I will be down on Friday and Saturday for anyone that may be interested in seeing the land, if you would like to see it another day just let me know. If you aren't serious don't waste my time or yours but if you are interested let me know and I can email you a complete copy of our rules and a map of the lease. Give me a call, email me, or send me a PM.

Thanks,
David Helmly 
404-732-5159
david@trailwatcher.net

These are a few of the deer from this summer. I have several hundred pictures from this year and last.


----------



## davidhelmly (Aug 20, 2008)




----------



## WishboneW (Aug 21, 2008)

There are some pretty good pictures of the turkey population posted back in the spring in the photography section.

Camp has power no water.


----------



## livetohunt (Aug 21, 2008)

This is a great opportunity for someone.. This club is well run, surrounded by 8-10,000 acres of extreme trophy management, and close to Atlanta.


----------



## DoubleRR (Aug 21, 2008)

I am a member of this club and bowhunted the property last year and have done a fair amount of work on property too!....if you would have any questions for me let me know!!!...my regular email is Rreimer123@comcast.net....this place is only going to get better for bowhunting!!!!!

DoubleRR


----------



## DoubleRR (Aug 23, 2008)

*Still.....*

Still one opening!!!


----------



## davidhelmly (Aug 24, 2008)

Here are a few updated pics.

http://forum.gon.com/showthread.php?t=231351


----------



## WishboneW (Aug 26, 2008)

We will be plowing and planting some of the 20+ food plots this week end weather allowing.


----------



## livetohunt (Aug 26, 2008)

All this rain will really help the foodplots get started....It should be a great year on Little Creek!!


----------



## bowhunterwill (Sep 1, 2008)

Bump.  Also a member of this club.   We have a house nearby now too if that is an incentive.


----------



## tuckdaddy (Oct 14, 2008)

Just curious as to if an opening was still available.
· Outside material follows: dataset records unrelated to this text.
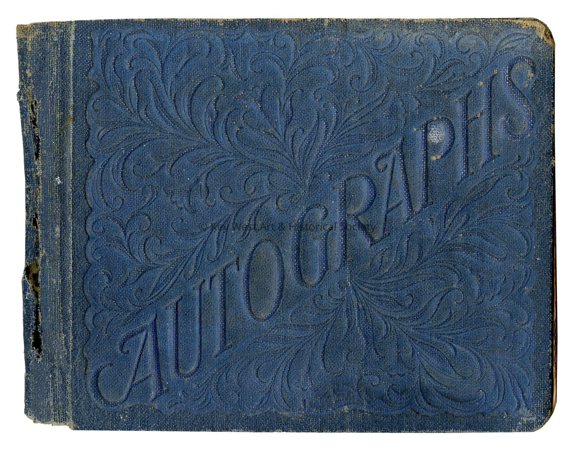 Autograph book with embossed blue hard cover belonging to Marguerite Page from her time at Key West High School. The book is signed by many of her Key West schoolmates including Wilhelmina Harvey.
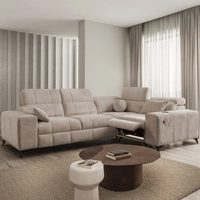 Rohová sedací souprava s funkcí spaní Cetara VII krémová levá vysoce kvalitní rohová sedací souprava do obývacího pokoje s pohodlným posuvným opěradlem
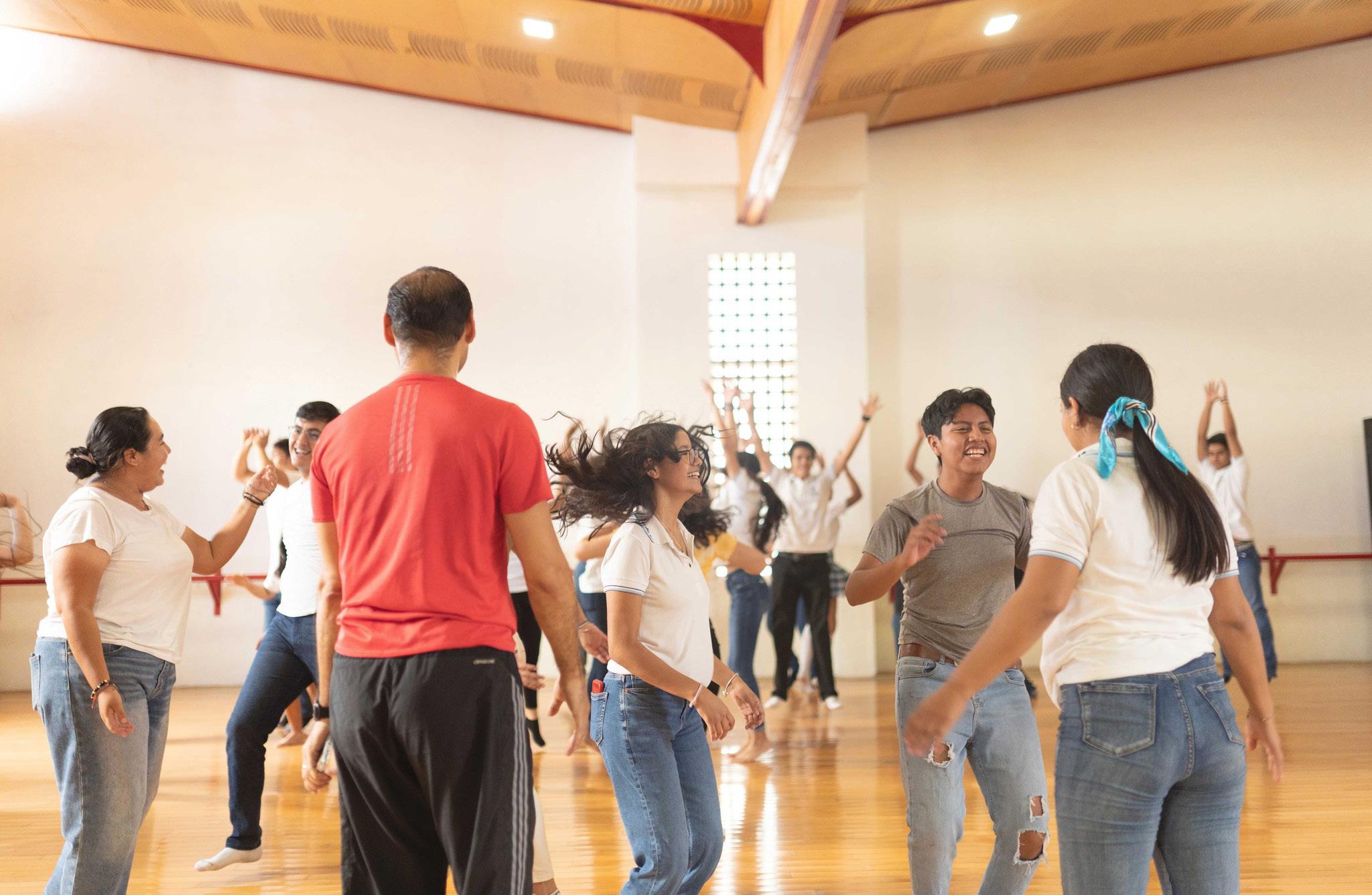 Más adelante, los directores de la Compañía Univerdanza, Adriana León y Alejandro Vera, recibieron a los estudiantes en el Salón “Guillermina Bravo” del Departamento de Música, donde trabajaron con ellos y ellas el “Laboratorio performance DANZA Y HUMANIDAD”. Al final, 40 voluntarios de este plantel participaron en un ejercicio coreográfico guiado por estos maestros y bailarines universitarios.
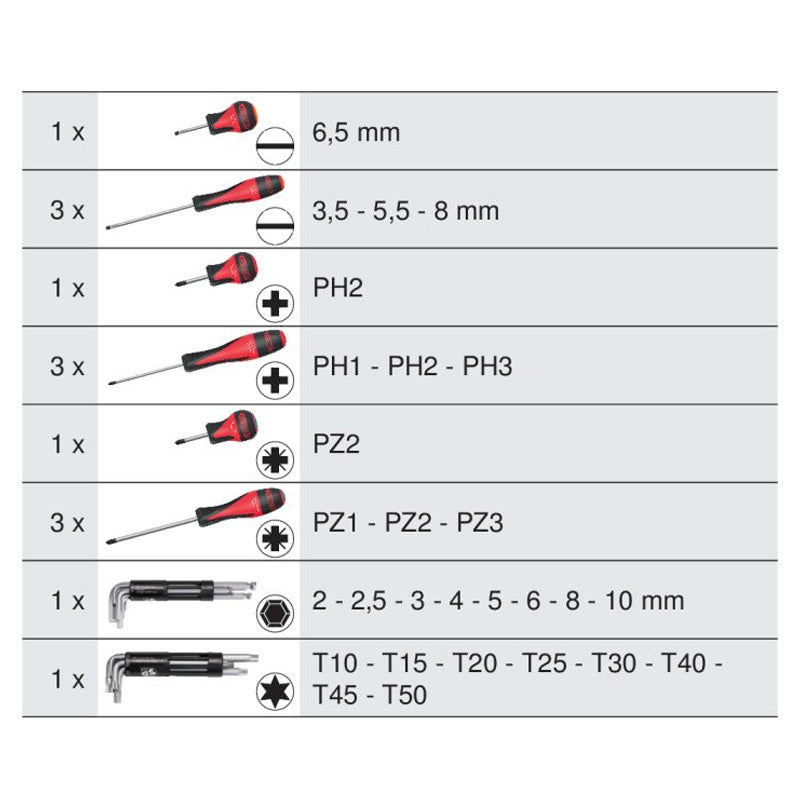 Il inclut une large gamme de clés mâles 6 pans, TORX®, ainsi que des tournevis ULTIMATE (Fente, Phillips®, Pozidriv®, Tom Pouce), idéals pour répondre à toutes les exigences en atelier comme sur chantier. Un indispensable pour tous les professionnels du vissage.

I live in Meriwether and may be intrested . Send me a PM with the directions to club and a good day to meet if there are any openings. Thanks


----------



## ONEALDODGE (Dec 21, 2008)

*good year*

how's the year been?


----------



## proside (Dec 21, 2008)

*I wonder?*



ONEALDODGE said:


> how's the year been?



I have been watching but David has not posted anymore TC pics or updated any hnts that I have seen.


----------



## Chadx1981 (Dec 22, 2008)

*Lease*

You are a lucky man!


----------



## livetohunt (Dec 25, 2008)

The last I heard we have taken 2 does all year..Alot of big bucks seen, but none harvested. I do know some big bucks have been taken near our lease with rifles, and the buck David called paddle-horn was taken(I believe).He has still been getting mature bucks on his cameras, and I am sure he will post some after the holidays.


----------



## crackerdave (Dec 26, 2008)

I have worked on this lease clearing and plowing food plots,and it's top-notch.


----------